Somehow, nearly fifty members of the Wen family—some close and some distant relatives of Wen Ruohan himself—were all living in a dilapidated building so run down that it had been nicknamed as The Burial Mounds by the locals. He had photographed each of them to have Luo Qingyang determine their identities, and almost all of them lined up with various people that had gone missing just before or shortly after the scandal broke.
The only two who didn’t were Wei Wuxian, and a small child that didn’t look like he was more than three.
The others were related by blood, even if distantly. But how did Wei Wuxian fit in?
Observing him for almost a week while he waited for news from Luo QingYang on her research hadn’t clarified anything.

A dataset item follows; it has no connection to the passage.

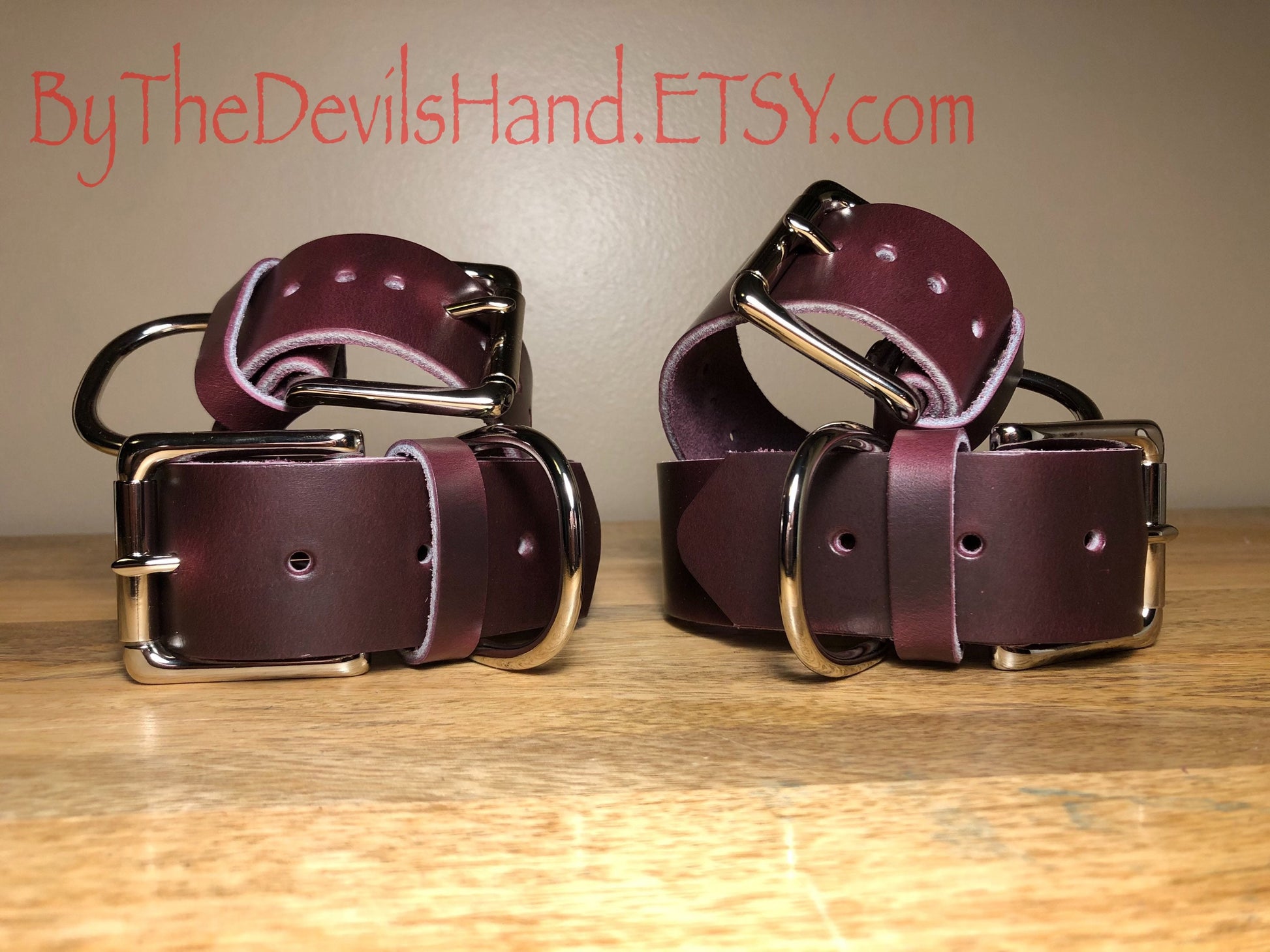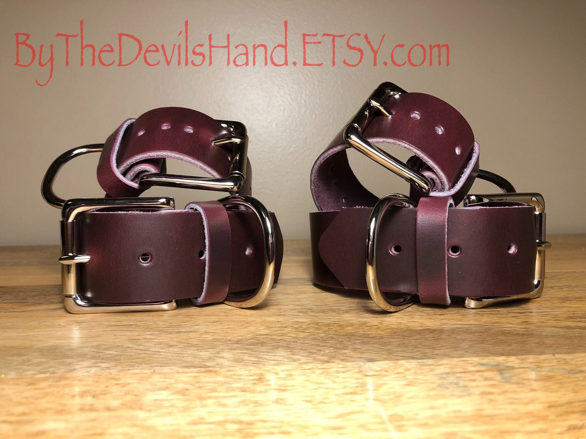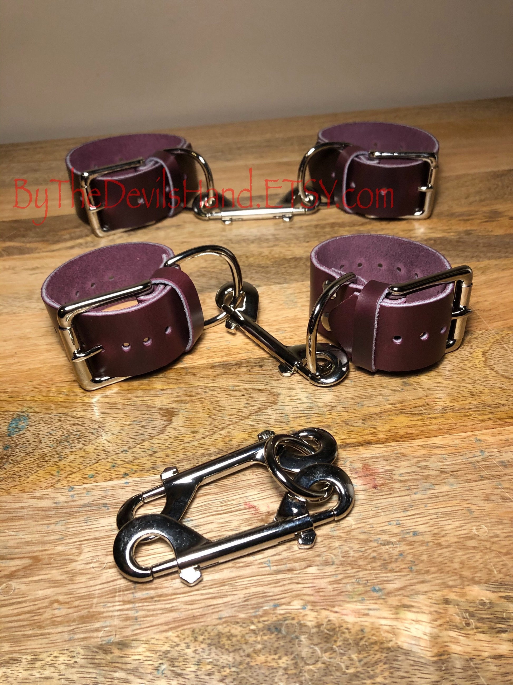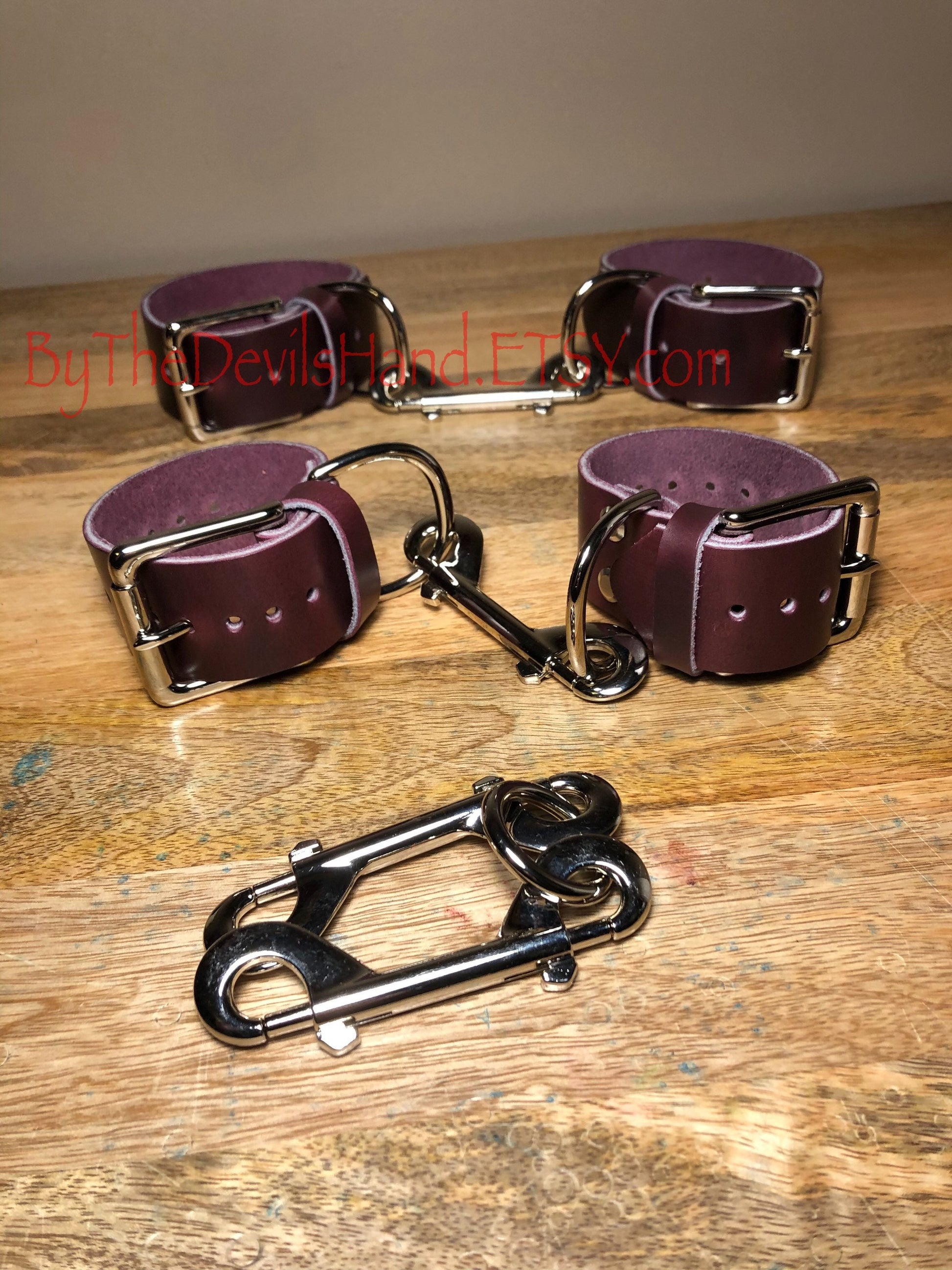 Wrist And Ankle Restraint Set - Handmade Cavalier Plum Purple Leather Straps (CPP-BE)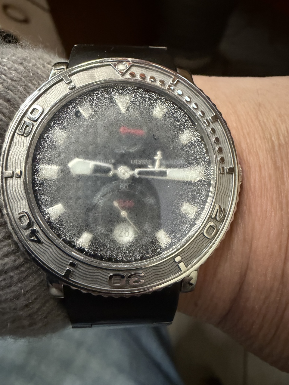 Ложь от начала и до конца. У меня несколько десятков часов, покупал их и в Америке, и в Европе. Видел что то подобное только один раз, но там был старый почти фатально некомплектный механизм Патек, продававшийся на хроно24 как рабочий, чудом удалось восстановить. На счет часам 30 лет, у меня и столетние есть, пробило на Улиссы, купил за последние несколько недель три штуки(один марин и два дайвера), все старые 2000+/-, все в сервис центрах, никаких подобных проблем с двумя другими нет. Ни в обьявлении, ни в видео, которое прислал продавец, нет ни слова о двух существенных проблемах часов: безель и водозащита 5 бар(брызгозащита по русски). Зато есть про водозащиту и гарантию 12 месяцев. Покупка была 18 ноября, не за 20 дней и не за месяц, а за 10 дней до того, как намокли. Проблемы с безелем обнаружил сам при осмотре, про водозащиту четко спросил, услышал что есть. Ни про какие 5барные приборы мне не сказали конечно. Мой косяк тоже, имел дело только с нормальными мастерскими, предположить даже не мог что так могут продавать 300 метровый дайвер. Да и понятно , что не купил бы никогда дайвер без водозащиты, а если бы знал, то наверно в бассейн не полез бы в нем. Любой авторитетный продавец на этом форуме , если бы продавал такое, чтобы сберечь свою репутацию , писал бы большими буквами везде про такой безель и такую водозащиту. У официалов в самом деле циферблат и его замена стоят не дорого. Но если у них есть сомнения в состоянии часов, а они логично почти всегда есть, готовы это делать только вместе с полным обслуживанием. Часы были показаны в сервисе Улисса, никакого вскрытия там не было. Сразу сказали что только с обслуживанием. Был готов и к такому варианту, не сильный перфекционист, решил носить как есть. В пятницу 28 ноября после намокания и отказа продавца от гарантийных обязательств(скриншот прикрепляю) часы конечно поехали на сушку к официалам.

Wei Wuxian carried the groceries for an elderly woman that everyone called Wen Popo, and who Luo Qingyang had identified as the aunt of Wen Ruohan. There was an older man that Wei Wuxian helped cart his bottles of potentially illegal liquor to the stall where he sold them. There was a child that Wei Wuxian would take outside and play with and tell outlandish stories to.
Wei Wuxian appeared to do handyman jobs around the building (one particularly notable time included him fixing a loose step on the apartment complex, where he had removed his shirt as he worked on the repair in the hot, midday sun).

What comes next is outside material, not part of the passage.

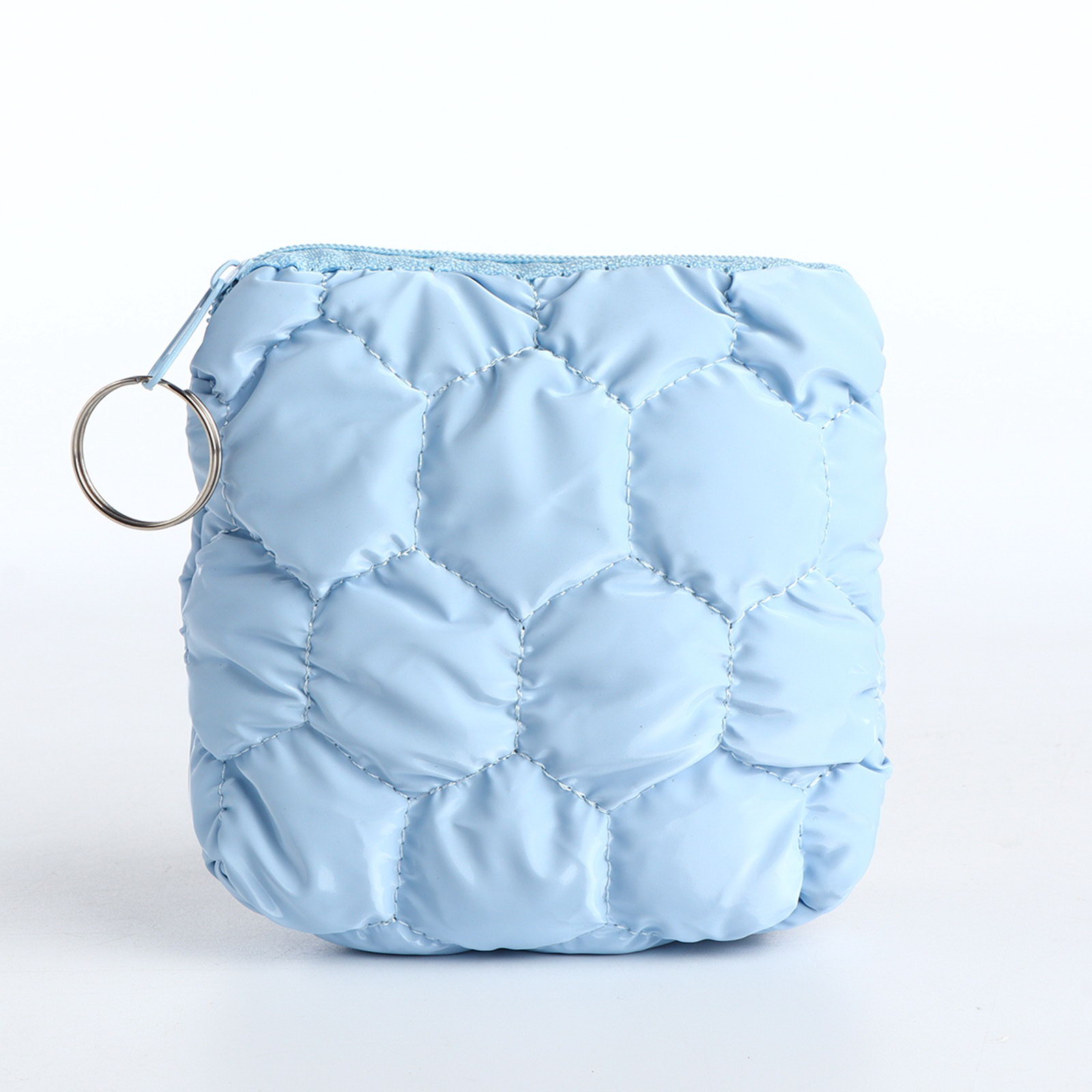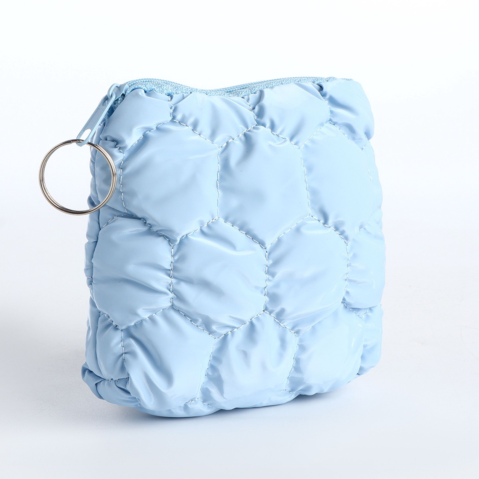 Кошелёк-монетница на молнии, 12x2.5x8.5 см, мягкий, голубой, 2.5x12x8.5 см., Китай

He didn’t appear to have any sort of schedule or actual job, but spent his days doing random chores and errands, in constant motion but with no clear pattern to it.
Disorganized, Lan Wangji thought automatically.
He, himself, had been trained to have ruthless organization and structure in his life. It was one of the pieces of his uncle‘s legacy that Lan Wangji suspected he would never be rid of, but he often found it useful.
Almost everything he saw lined up with the idealistic, lighthearted younger brother that Jiang Yanli described. But that type of person wasn’t someone who would have their identity erased and be the target of Jin Guangshan’s focus in the middle of a trial that could bring down his enterprise.
But there had been one moment that had seemed to not quite fit with the ‘sweet younger brother’ persona that Jiang Yanli had described.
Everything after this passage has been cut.